The following is my notes on several alternative data storage solutions we have considered and not used thus far.
-
Online Linguistic Database
- DAILP started out with the OLD, but we grew out of its limitations
- Oriented toward fieldwork, storing forms as an unstructured SQL table, leaving out tools necessary for dealing with structured historical texts and associated multimedia
- We don't get much out of Dative, a web GUI for managing OLD data, because it doesn't facilitate community collaboration.
- We do take inspiration from some of the internal structure of forms in OLD, since they are well thought out by a field linguist, but shift the focus to dealing with texts and connecting lexical sources together.
- Relies on a SQL database, carrying any benefits or caveats that may entail.
-
ArangoDB: I have considered switching to ArangoDB because
- It is multi-model, natively supporting both nested document structures like MongoDB does, and graph relations, unique to this type of database. This could make modeling community contributions, collaboration, and word relationships easier than with MongoDB or Postgresql.

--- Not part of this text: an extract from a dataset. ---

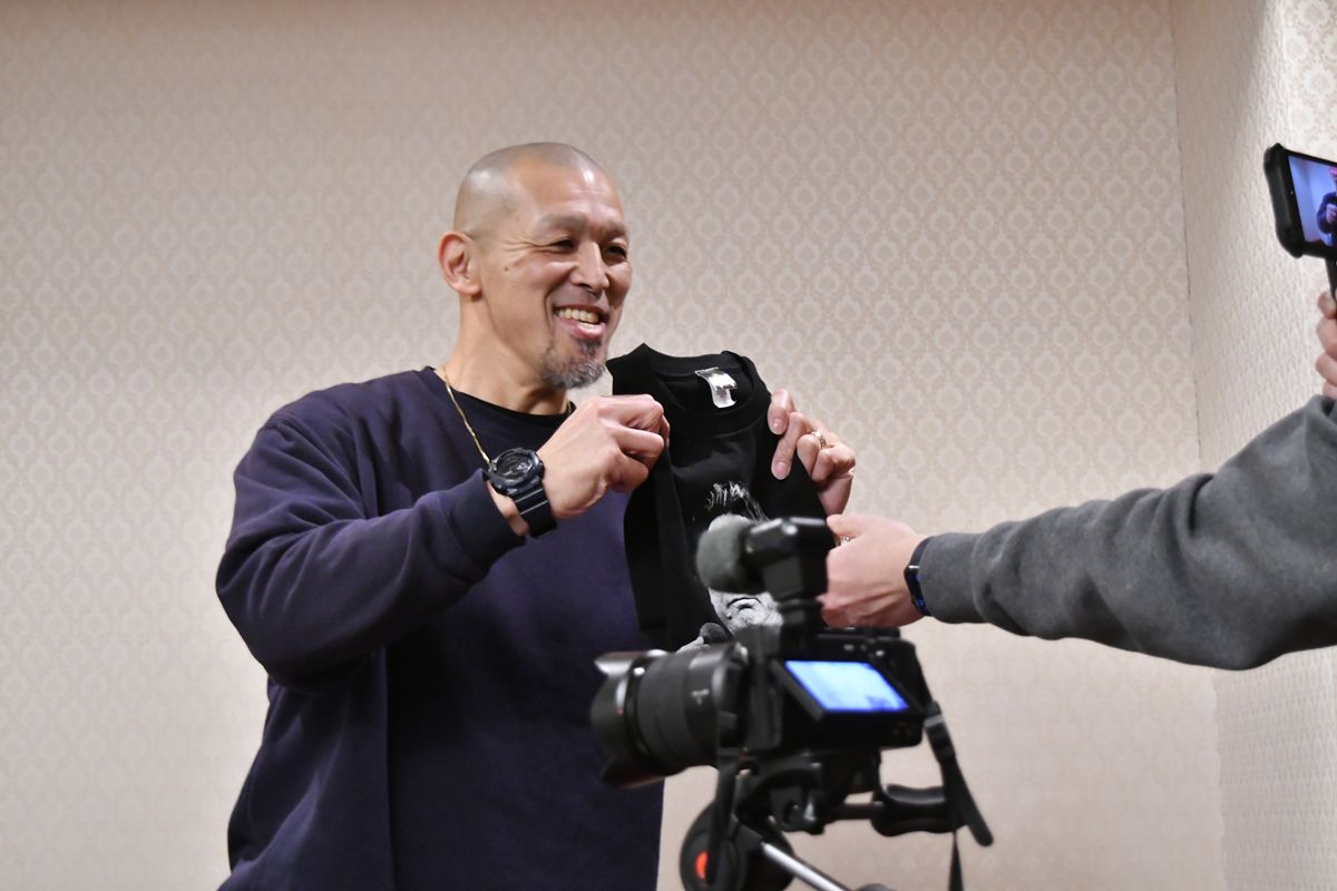「ストロングの会場と言わず、ネタ的にも他の会場で着てもらって全然OKなので。皆さんこれを着て取材してやってください」

- ArangoDB does have less userbase, but it is very straightforward to learn once you understand MongoDB and are comfortable with JSON.
- It uses its own query language, AQL, which is pretty similar to SQL but using JSON, branching constructs familiar from JavaScript, and native graph traversal queries. This is more powerful than MongoDB's queries and aggregations, but may have slightly more learning curve.
- Schemas are supported, using standard JSON schema.
- Compared to MongoDB, it has a more solid open source commitment.
- Tooling: Rust ODM for ArangoDB. NixOS service example
-
PostgreSQL: The most popular open-source database, built on SQL.
- It is relational, which also means that it favors a flat structure with many tables that refer to each-other. Nested structures, especially of arbitrary depth, are more difficult to model in this system.
- JSON fields are supported, but they are second-class and require special handling to query and update.
- Schema management is required, and table fields have stricter requirements than in MongoDB. Since we're routing all DB management through Rust, we can rely on that code to enforce type safety and consistency, especially since that's where data migrations will run from anyway.
- NoSQL makes minor type changes like field additions and removals fairly trivial by obviating the need for an explicit migration, whereas PostgreSQL would need explicit migration for any/all data model changes.
- Tooling: ORM for Rust
-
BaseX: XML database engine and associated tooling.
- This choice would only make sense if we are using XML across the stack, because it otherwise doesn't fit well into other DB models.
- One queries a BaseX instance using XQuery, which is great if you're already using XQuery for manipulating XML documents.
- Validates everything with XML schemas, which again is fantastic if that's already part of your stack. Starting a new project that will need to deal with various kinds of user data, it made more sense to go with a more established database platform that has better library support from modern programmatic tooling, like Rust, GraphQL, and JavaScript.